The last rebels and civilians fleeing eastern Aleppo rode out of the city on Thursday night, bringing to an end a weeklong evacuation effort.
The departure of the remaining rebels amounted to a surrender. Forces supporting Syrian President Bashar Assad moved in to take control of the destroyed city sector that was rebel-held for four years.
The government's victory was secured after months of devastating airstrikes and assaults on the shrinking, besieged enclave. Negotiated cease-fires and attempts to provide humanitarian aid failed several times.
When the regime's victory was clearly inevitable, efforts began to arrange the evacuation of eastern Aleppo — including civilians and the badly wounded. Despite the efforts of the international community, the process proceeded in fits and starts, amid freezing temperatures that compounded human misery.
Long-divided Aleppo is now held entirely by government forces. But the conflict between government forces and rebels isn't over in what had been Syria's biggest city.
Less than a day after rebel forces withdrew, insurgents outside the city have bombarded northern Aleppo, killing three people, The Associated Press reports.
And the war elsewhere in Syria rages on.
John Kirby, the spokesman for the U.S. State Department, said the international community is skeptical that the fall of Aleppo moves Syria's war any closer to closure.
"Our view is ... that what happened in Aleppo is not going to bring this war closer to an end," he said. "It's going to go on."
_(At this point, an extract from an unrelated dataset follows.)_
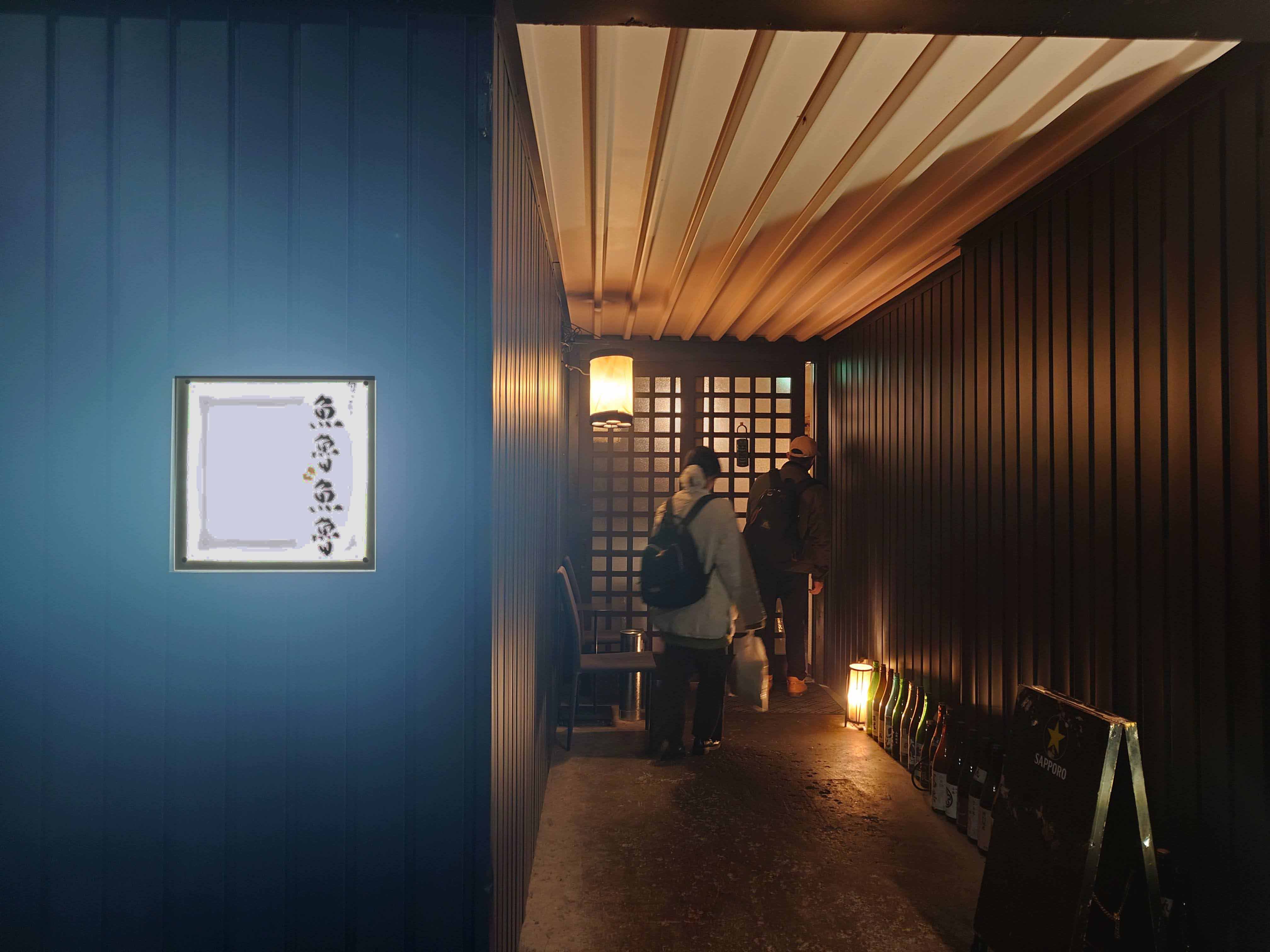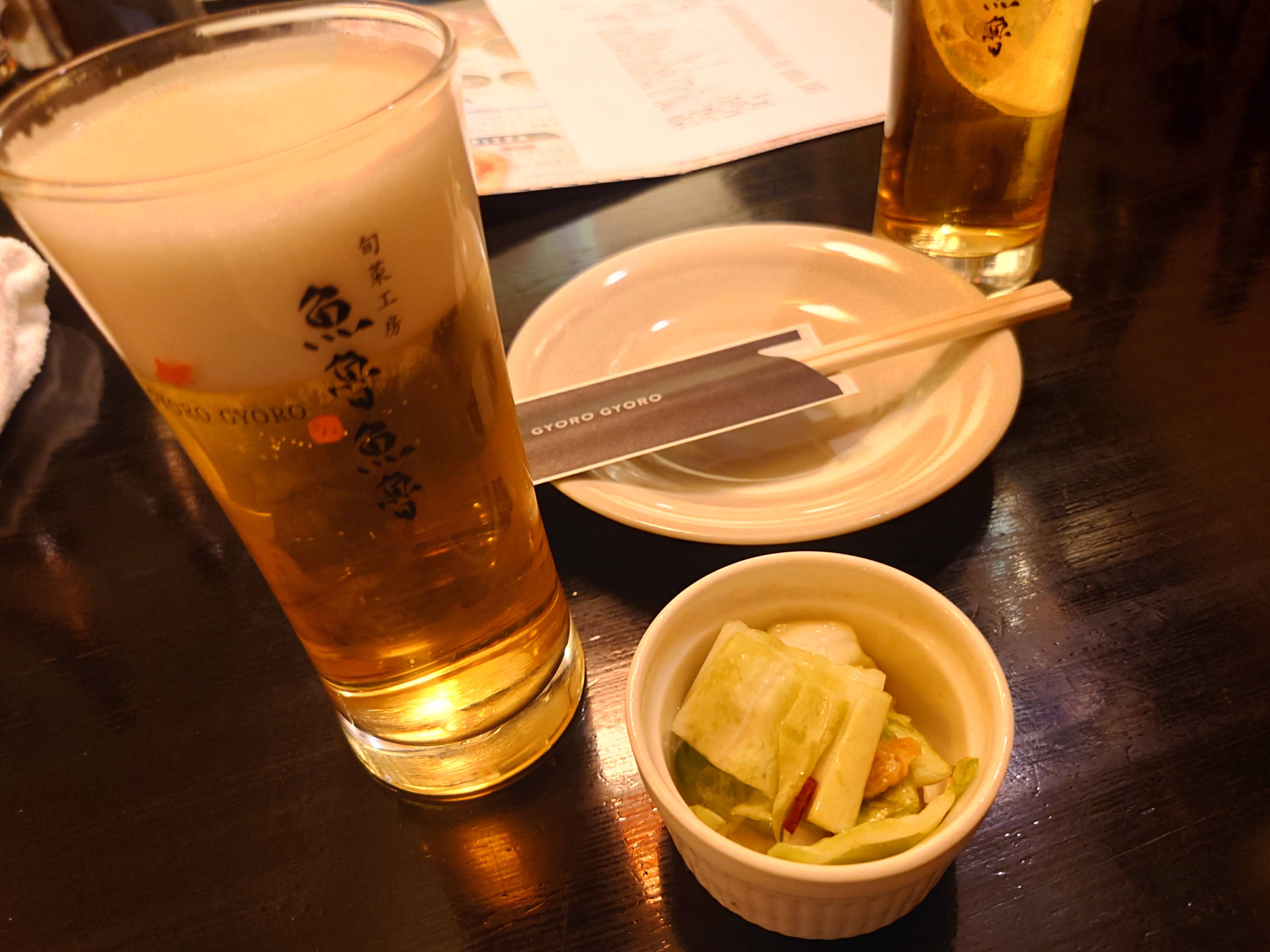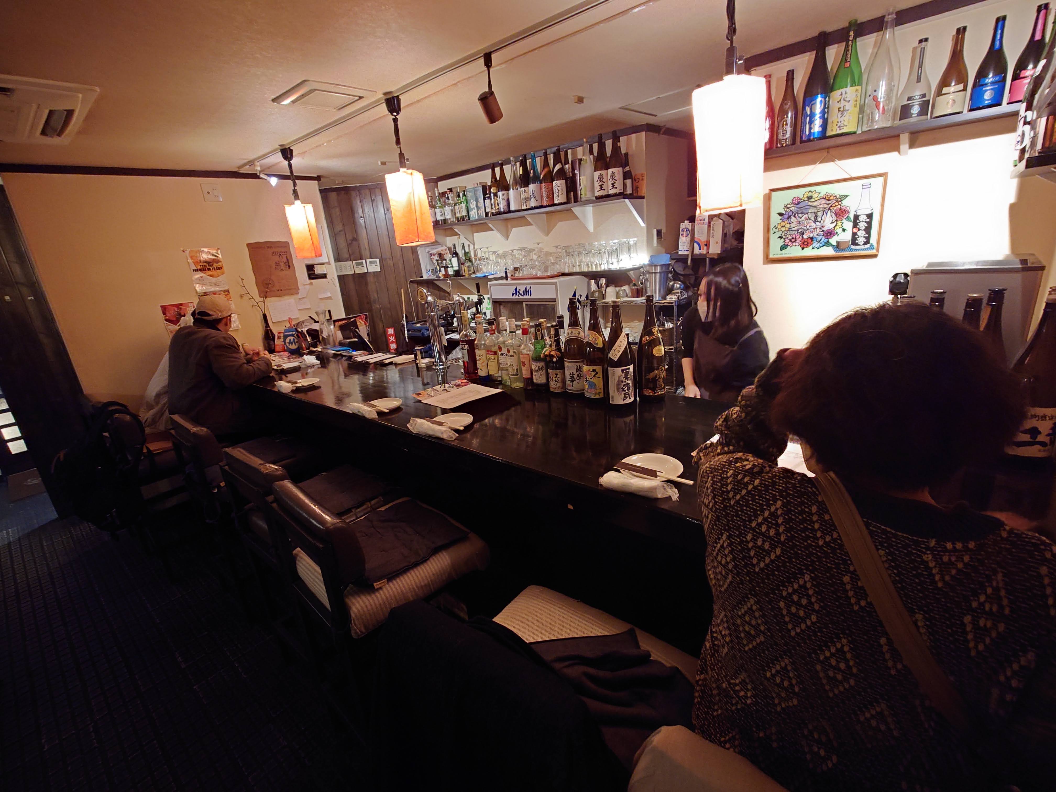 1軒目は「GYORO GYORO ふらの店。」駅から徒歩5分くらいのところにある居酒屋で、看板には「魚魯魚魯」とあって、初めは違う店かと思いましたね。パッと見は高級感ある雰囲気ですが、店内に入ると居酒屋とbarの間な感じです。

"In Syria's multifactional civil war, ISIS is still stubbornly holding territory, including the town of al-Bab in the north of the country," NPR's Alice Fordham reports. "It's near Turkey's border and Turkey is supporting Syrian factions with airstrikes. Turkey has been conducting operations against ISIS for four months but the extremists are still holding ground, and even retook the city of Palmyra earlier this month."
Meanwhile, Reuters reports that for many residents and rebels who evacuated from east Aleppo to a rebel-held region to the southwest, their reprieve might be short-lived:
"Stars fill the night sky over the Syrian rebel-held city of Idlib, and the streets are eerily quiet. The calm might not last much longer.
"Now that Syrian government forces have recaptured Aleppo in a crushing offensive, they are likely to turn their attentions to Idlib. Thousands of refugees from Aleppo have been evacuated there, and U.N. Special Envoy Staffan de Mistura has warned the city could face the same fate as Aleppo."